At first, I’d archived the email.

But when some of my RC friends in London asked who was going to the Mozilla Festival, I remembered, “didn’t they email me about … going?”

I thought, surely this is a mistake. This:

As a member of Mozilla’s add-ons community, we would like to invite you to join us for an extension developer meetup in London during MozFest, Mozilla’s annual festival for the Open Internet movement.

Couldn’t be serious. For one, I’d only brought the extension over from Chrome, three years ago, and the original author (Eric Bailey) now pushes patches to the extension (Millennials to Snake People) after a yearish (who knows) of lazy maintenance on my part. But I submitted the survey and waited for them to come to their senses.

But anyway, I was in London last week.

The team working on http://addons.mozilla.org/ was doing a co-design workshop during the Mozilla Festival, at the “MozFest House” aka the RSA. It was neat to contribute to the process, and also to go through that UX flow/see the inputs to design research.

RSA building in London

There were two sort of “halves” to the day. First, there were some ground rules (no devices! 🙂 ) and intros. Then some presentations — covering the content guidelines research which was also something I’d seen in the pre-meetup user studies. Then a review of the those pre-meetup interviews, covering the steps of the submission workflow breaking things out into “what went well/what didn’t.”

Something I found interesting is, recalling the interview with the researcher, we didn’t break things out into those positives/negatives explicitly, that’s something the researcher did. It makes me wonder if that might be something to try in retrospectives — instead of asking “what went well/what didn’t,” talk about the stages of the project and chat about them and then synthesize.

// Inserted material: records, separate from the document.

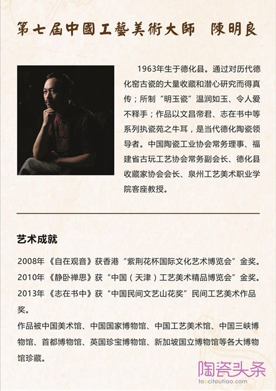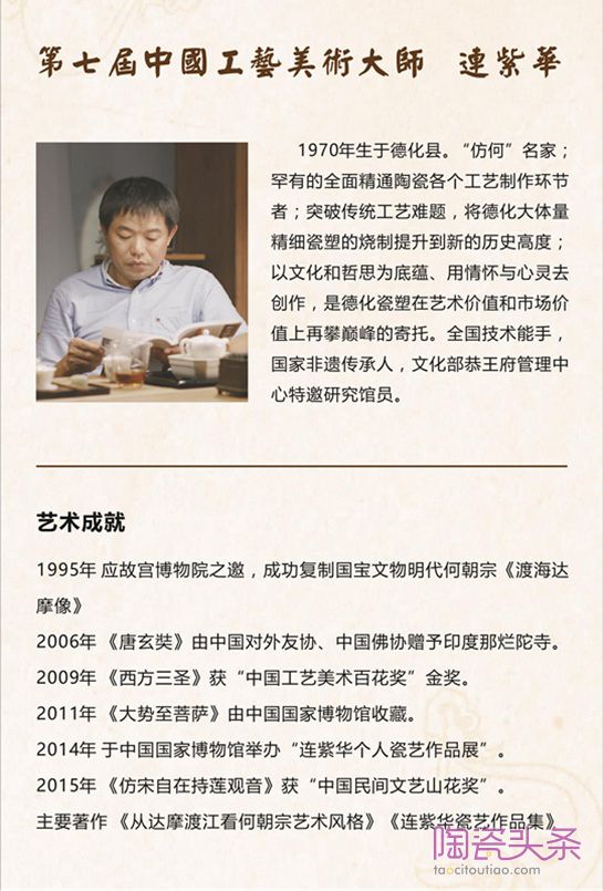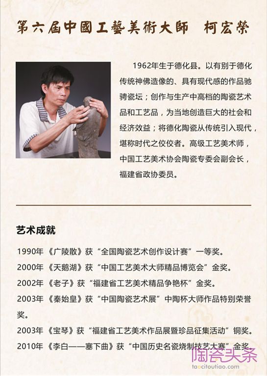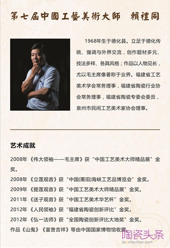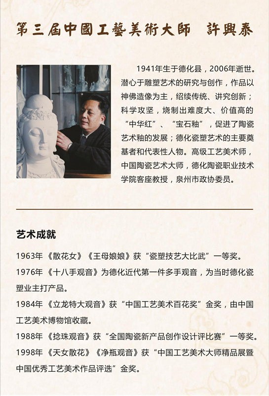 2020年,《八闽中国工艺美术大师全集》在原《八闽瑰宝——八闽中国工艺美术大师合集》基础上,润色补充,收录福建省全部49位国大师资料,其中德化获评中国工艺美术大师有6人,他们凭借着对工艺陶瓷精益求精的追求与坚守,成为引领一方的代表性人物。
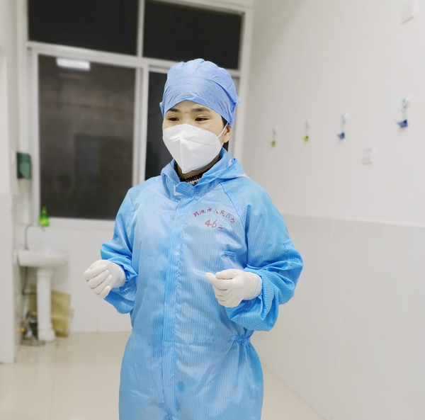 她是一名年经护士,2年没有回家过年了。本来,她期待着值完这个最后一个夜班后,回家陪家人好好过个年。但是,刚回到家,她便接到调令,疫情紧急,必须立即到隔离病区支援。她毫不犹豫,立马赶回医院投身隔离病房前线。虽然又是一年没有和家人团聚,但家人对她支援疫情工作非常理解和支持。隔离病区病房条件有限,没有电梯,没有中心供氧,瘦小的她每天要把一箱箱液体抗上二楼,再沉重的氧气瓶送入病房。说到这些,她乐观而自豪的说:“我是抗疫前线的女汉子”!
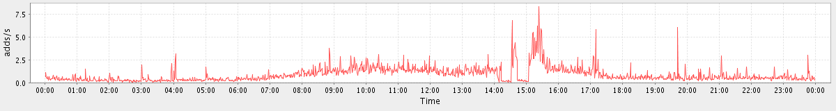 max(SearchConvRequest) = 48.00 max(MsgActionRequest.move) = 900.00 max(NoOpRequest) = 143.00 max(GetFolderRequest) = 319.00 max(SyncRequest) = 170.00 max(CreateContactRequest) = 228.00 max(GetAppointmentRequest) = 231.00 max(SearchRequest) = 177.00 max(GetContactsRequest) = 112.00 max(MsgActionRequest.delete) = 64.00
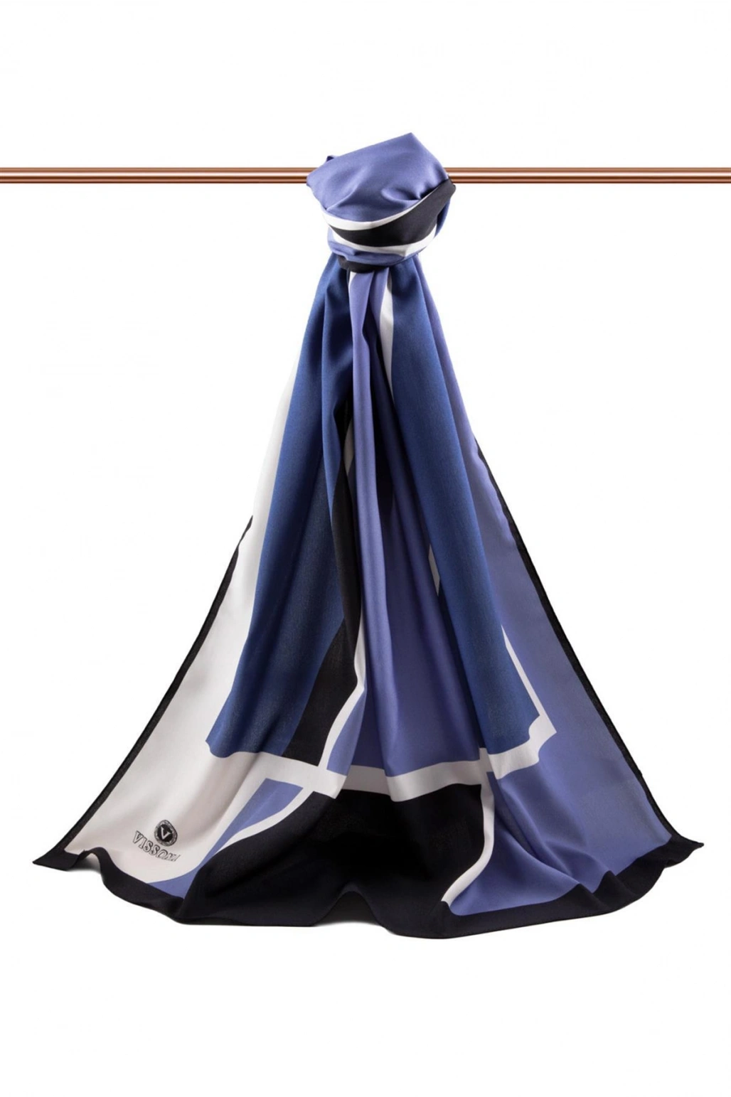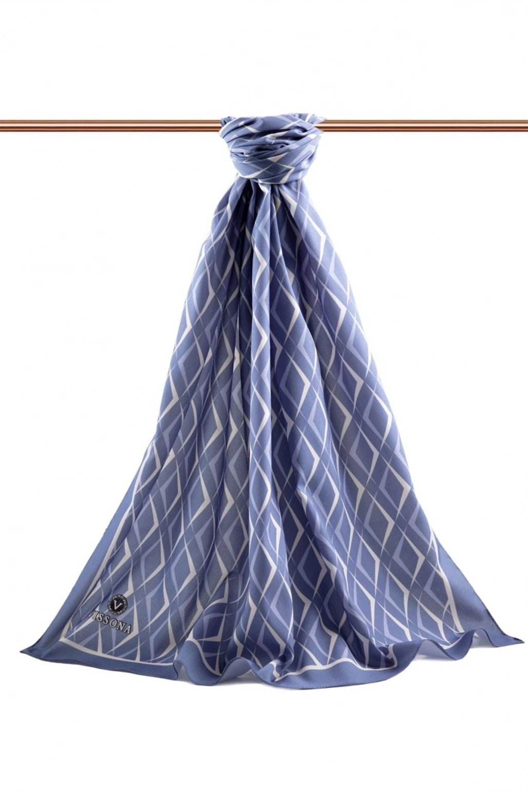 Vissona LÜKS MEDİNE İPEĞİ GEOMETRIK DESENLİ İNDİGO RENKLİ 75X195 KIRIŞMAZ ŞAL MOSS KREP DİKİŞ TİPİ İTALYAN

Using that research, we had three tables focused on some “how might we” questions — “how might we help people get timely feedback on their extension,” as a paraphrased example. We then folded up sheets of paper into spaces of 6 and had quiet-time for ideation, and then time to discuss what each person had, but we had assigned roles: realist, dreamer, and spoiler. The realist asks “how,” the dreamer asks “why not,” and the spoiler say “no way, not possible” (designated hater).

After the first table session on one how-might-we, we broke for lunch, and when we came back, it was time to create one consolidated idea from those presented by the table participants. I appreciated the timing of doing that first consolidation after lunch, it gave me more time to … digest 😉

One of my idea sets

We then repeated the process at two more tables, and the groups of people mixed up each time (assigned by the researcher). Then, one final group was called out, and this was to take the ideas from each of the groups for one table (so, three sketches/ideas) and do one final consolidation, and then record a short 90-120 second video documenting that.

It was super interesting to go through the process, and absolutely lovely to get to meet and work with the add-ons team and community. Really glad I was able to go, and looking forward to more adventures in UX in the future.